Moonshot AI has announced the release of its new open-source model, Kimi-Dev-72B, which is specialized in software engineering tasks and has achieved the highest score among all open-source models on the AI programming benchmark, SWE-bench Verified. With only 7.2 billion parameters, Kimi-Dev-72B has surpassed DeepSeek-R1, which has an impressive 67.1 billion parameters.

image.png

In the SWE-bench Verified test, Kimi-Dev-72B scored 60.4%, establishing itself as a new benchmark in the field of open-source models. The optimization process of this model includes large-scale reinforcement learning, enabling it to automatically fix real repositories in Docker environments.
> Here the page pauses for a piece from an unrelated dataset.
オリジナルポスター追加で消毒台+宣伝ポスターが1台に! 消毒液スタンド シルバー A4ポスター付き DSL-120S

Kimi-Dev-72B only receives rewards when all test cases pass during testing, ensuring the correctness and robustness of the generated solutions, meeting high standards for real-world development.
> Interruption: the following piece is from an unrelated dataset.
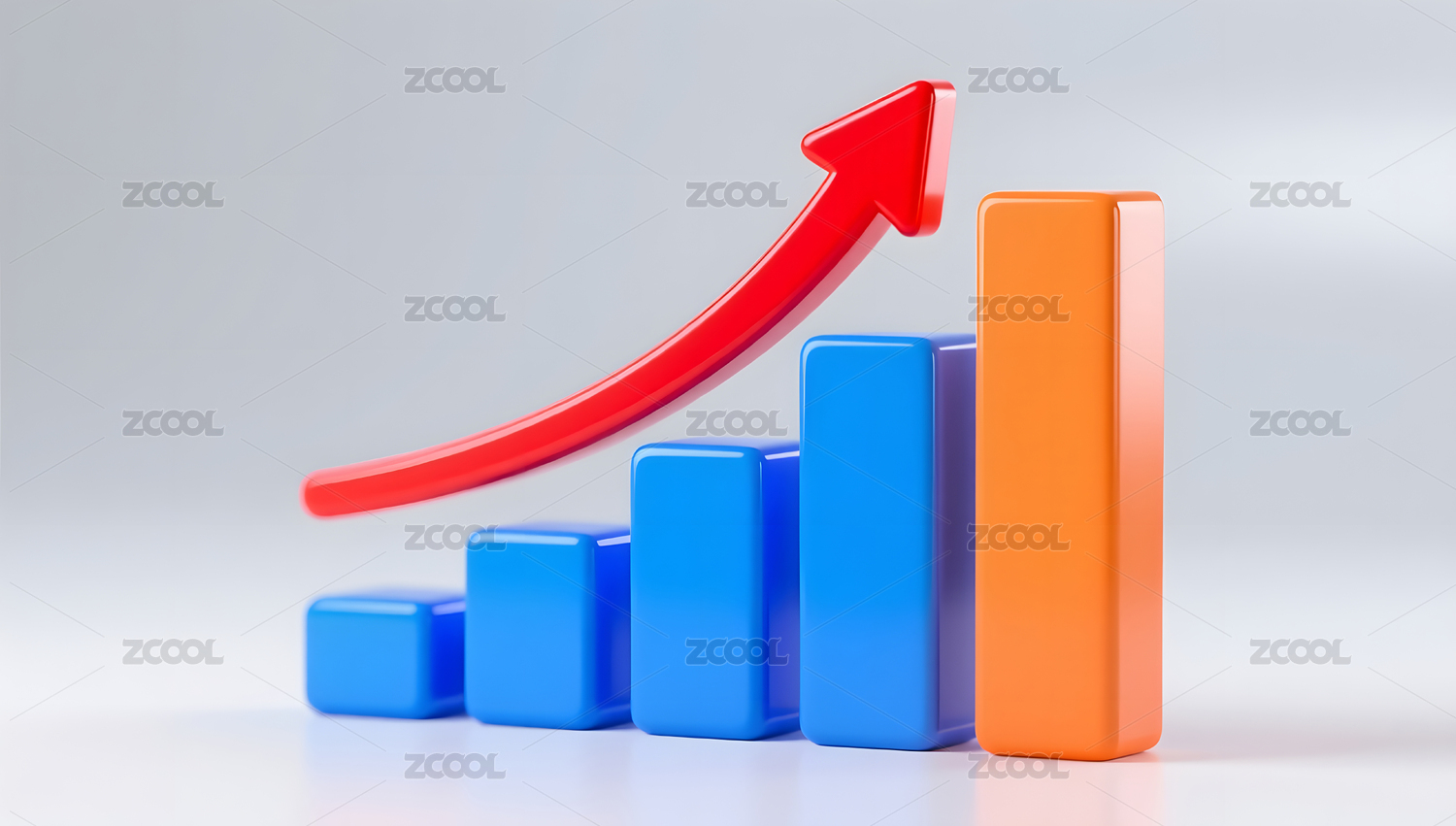 橙色渐变玻璃质感金融柱状图增长箭头背景

Kimi-Dev-72B is now available for download on Hugging Face and GitHub platforms. Users can access model weights and source code, and a technical report will be released soon. The Hugging Face link is: huggingface.co/moonshotai/Kimi-Dev-72B, and the GitHub link is: github.com/MoonshotAI/Kimi-Dev.

In terms of design philosophy, Kimi-Dev-72B combines the roles of BugFixer and TestWriter. BugFixer is responsible for fixing errors, while TestWriter writes corresponding unit tests. These two parts complement each other, ensuring the effectiveness of the model in programming tasks. The workflow of Kimi-Dev-72B is simple and clear, mainly divided into two stages: file localization and code editing.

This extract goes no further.